Wednesday, October 19, 2011

wooly worms

This past weekend some friends and I went camping near Linville Falls, North Carolina.  It was a beautiful weekend.  The leaves in the mountains have already turned beautiful shades of red, orange and yellow.  The temperature was warm during the day, but chilly at night...perfect for huddling around a bonfire.

One of the highlights of the weekend was the Wooly Worm Festival in Banner Elk.  None of us was sure exactly what a wooly worm was until we found one crawling around our campsite.  It is not the most beautiful worm I have ever seen, but it was cute.

As I was holding the worm, whom we named either Wanda or Wilfred or William Wallace, I found myself saying to it, "It would be so sad if you stayed a worm forever."  As I said this my heart caught up in my throat and I realized I was talking to myself.  I have been feeling particularly wormy lately.  Wanting to be different but finding myself the same.  Doing the same things I always do.  Thinking the same thoughts I always think.

Last night my roommate and a friend and I were sitting around my table and somehow the wooly worms came up in conversation.  I told them about how sad I felt at the thought that a wooly worm might stay a worm for life.  All of a sudden I felt desperate to know if the worm was actually a caterpillar.  "I don't want to be a worm.  I want to fly," I shouted.  I couldn't look it up fast enough.

 I burst into tears as I discovered that indeed, the Wooly Worm is actually a caterpillar.  It is the larva of the Isabella Tiger Moth.  Hope!  Sweet hope flooded over me.  Knowing that the worm was going to become something else one day was encouragement to my overwhelmed heart.

The next day I was listening to Beth Moore and something she said made me realize that I still did not have it quite right, though.  The thing is, I am not a worm at all.  The Lord has already made me a new creation.    I don't have to live like worm anymore.  "Become what you already are," a friend said to me recently.

My favorite part is that Isabella, the name of the moth, means "God's promise" or "My God is a oath."

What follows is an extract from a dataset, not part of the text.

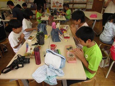 その後、森の遊園地(学校跡地)に向けて出発しました。予定では、森の遊園地で楽しく遊ぶ予定でしたが、昨日の雨で入ることができませんでした。そこで、いつもお世話になっている尾前一日出さんの事務所(森の遊園地のすぐ下)をお借りして昼食と宝探しをしました。友達と楽しくお弁当を食べたり、恒例の宝探しを思い切り楽しむことができました。

Therefore, if anyone is in Christ, the new creation has come: The old has gone, the new is here! 2 Corinthians 5:17

Let us hold unswervingly to the hope we profess, for he who promised is faithful. Hebrews 10:23 

You make me new, you are making me new. ~ Beautiful Things by Gungor

1 comment:

Christina Jill said...

I am thankful for this... wishing I could laugh and hear you sing "fly" again... you are beautiful, a butterfly, Trish Jackson.